MATERIALS PROVIDED:
^^^^^^^^
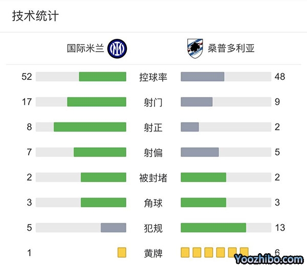 全场比赛结束,国际米兰主场3-0完胜桑普多利亚。
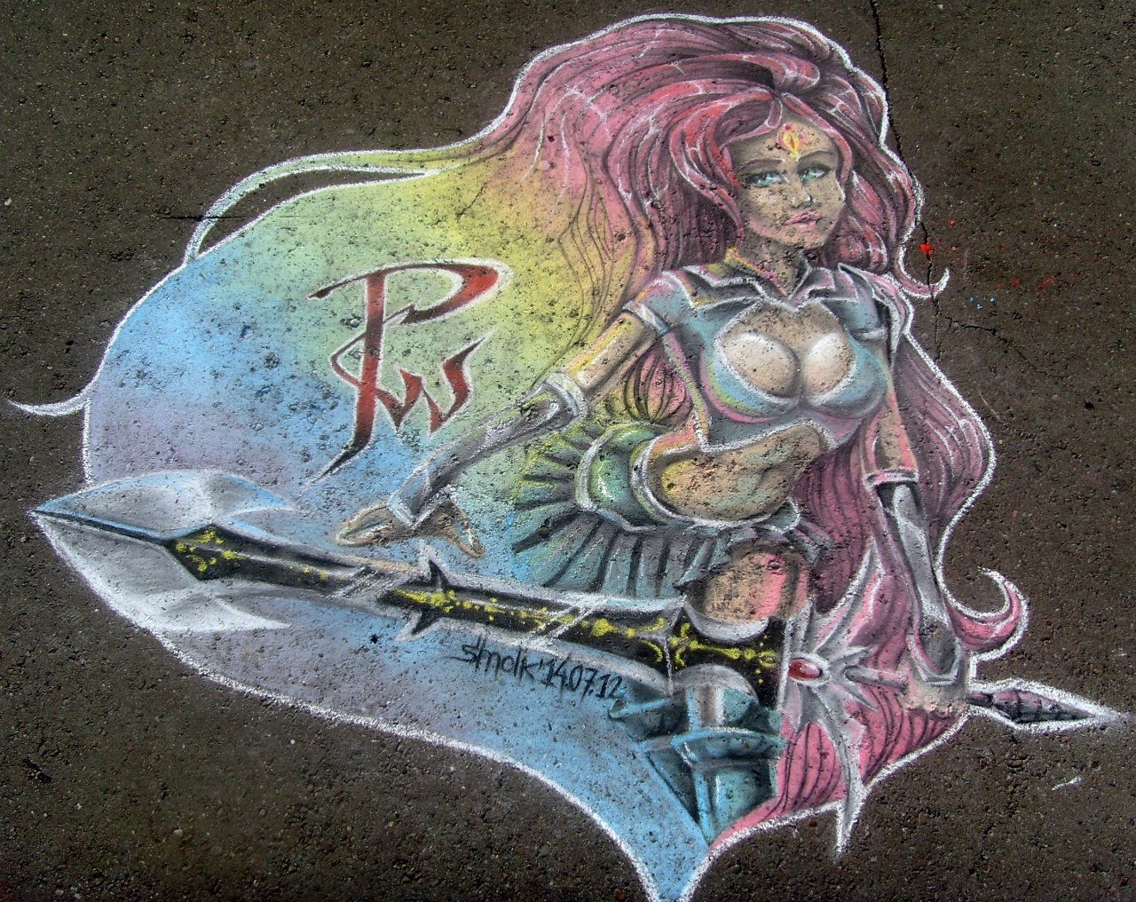 Я когда свою работу рисовала, меня прогоняли. Так как я сейчас в деревне, то асфальт есть только на шоссе (где мне неохота сидеть, ибо собьют нафиг) или на дороге к водокачке. Но там типа частная территория и охранник (когда я уже половину нарисовала), собрался меня прогнать, гад. В итоге с трудом свою территорию отстояла)
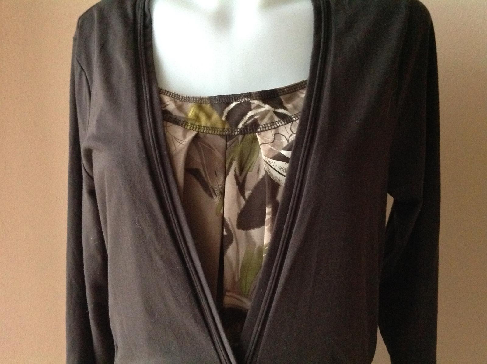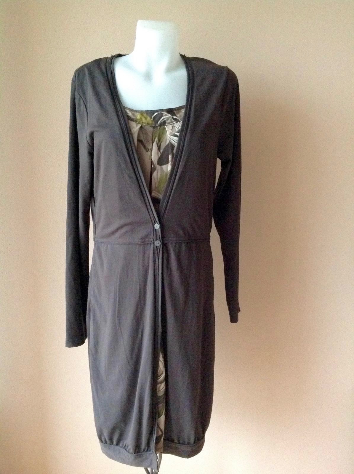 Krasny zaujimavy kusok,upletovy dlhy sveter v prednej casti vsity akoby top,ako keby ste mali saty a na tom sveter,bezchybny,velkost udana L
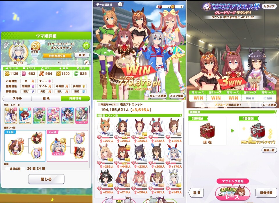 게임을 시작하면 유저는 자신이 보유한 우마무스메 중 하나를 골라 육성 모드에 들어간다. 마치 싱글 게임처럼 정해진 기간 동안 육성을 진행해 엔딩을 맞이한다. 그 엔딩 시점에서 완성된 우마무스메를 다른 레이스 콘텐츠에 출전시켜 활용이 가능해지는 것이다.
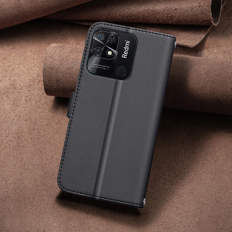 Para Redmi 10C Funda de Cuero con Textura Cuadrada (Negro)
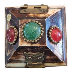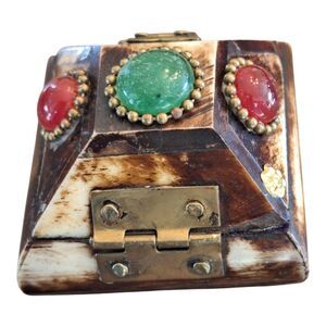 Trinket Box Cabachons Camel Bone & Brass Vintage Hand Crafted in India Ring Box
^^^^^^^^
HOW TO COMPLETE THIS TASK:
Reproduce every line of the data above, exactly as it stands, but not the pictures.

ANSWER BOX:
 全场比赛结束,国际米兰主场3-0完胜桑普多利亚。
 Я когда свою работу рисовала, меня прогоняли. Так как я сейчас в деревне, то асфальт есть только на шоссе (где мне неохота сидеть, ибо собьют нафиг) или на дороге к водокачке. Но там типа частная территория и охранник (когда я уже половину нарисовала), собрался меня прогнать, гад. В итоге с трудом свою территорию отстояла)
 Krasny zaujimavy kusok,upletovy dlhy sveter v prednej casti vsity akoby top,ako keby ste mali saty a na tom sveter,bezchybny,velkost udana L
 게임을 시작하면 유저는 자신이 보유한 우마무스메 중 하나를 골라 육성 모드에 들어간다. 마치 싱글 게임처럼 정해진 기간 동안 육성을 진행해 엔딩을 맞이한다. 그 엔딩 시점에서 완성된 우마무스메를 다른 레이스 콘텐츠에 출전시켜 활용이 가능해지는 것이다.
 Para Redmi 10C Funda de Cuero con Textura Cuadrada (Negro)
 Trinket Box Cabachons Camel Bone & Brass Vintage Hand Crafted in India Ring Box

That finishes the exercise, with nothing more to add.